In a report released on the day of the House vote, the World Trade Organization gave cautious support to the use of border taxes (tariffs) as envisioned in the Ways and Means amendment. "Rules permit, under certain conditions, the use of border tax adjustments on imported and exported products," said the WTO. "The objective of a border tax adjustment is to level the playing field between taxed domestic industries and untaxed foreign competition by ensuring that internal taxes on products are trade neutral," said the WTO in conjunction with the UN Environment Programme.
This perfectly reasonable approach made the Obama administration uneasy. A statement was issued that used the same tone and language as the president’s earlier concern about the “Buy America” provision. "The administration feels strongly that the enacted bill must be consistent with our international obligations and an open and integrated global economic system," said a White House Statement of Administration Policy. President Obama followed this with a personal statement on June 28th, “At a time when the economy worldwide is still deep in recession and we've seen a significant drop in global trade, 'I think we have to be very careful about sending any protectionist signals out there.'”

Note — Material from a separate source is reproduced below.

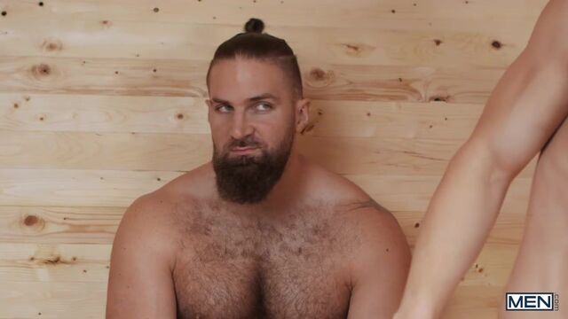 Chuck Conrad's girlfriend isn't pleased when she sees him checking out Michael Vente's ass in the sauna. As she relaxes with her eyes covered, Chuck spanks the stranger with the birch twigs, but she's annoyed by the noise. Michael decides to quietly suck the muscular hunk instead! Chuck's GF catches them and storms out, leaving the sweaty guys free to keep playing. Chuck fucks the bottom against the wall, then Michael rides his big dick on the bench. Chuck drills Michael till the bottom orgasms, then adds to his sweaty wet face with his load.

An “integrated global economic system” is the naïve dream of classical liberals living in an imagined harmonious world. Such a world has never existed, does not exist now, and is unlikely to exist within the life span of anyone reading this column. Basing policy on a false “idealistic” view of the world is always self-defeating. Yet, it seems to be Obama’s first reaction to any international situation. Protecting America always seems to come in second to his desire to foster a liberal world order.
The bill has the usual presidential waiver, though it says it can be exercised “only in an extraordinary case.” The danger is that President Obama will embrace an unbalanced post-Kyoto treaty, hoping to bring Beijing on board later through the policy of “engagement” on climate change that he has made the centerpiece of his China policy. Yet, there is nothing in the record to support Obama’s approach. Beijing sees the world economy as a battleground across which nations fight to expand their share of the world’s wealth and productive capacity. And the Chinese are correct. At stake is the material base upon which national communities build their prosperity, security and future prospects. It is the duty of the government to protect that economic foundation from being undermined by foreign rivals as part of the state’s general responsibility for national defense.
FamilySecurityMatters.org Contributing Editor William R. Hawkins is a consultant specializing in international economic and national security issues.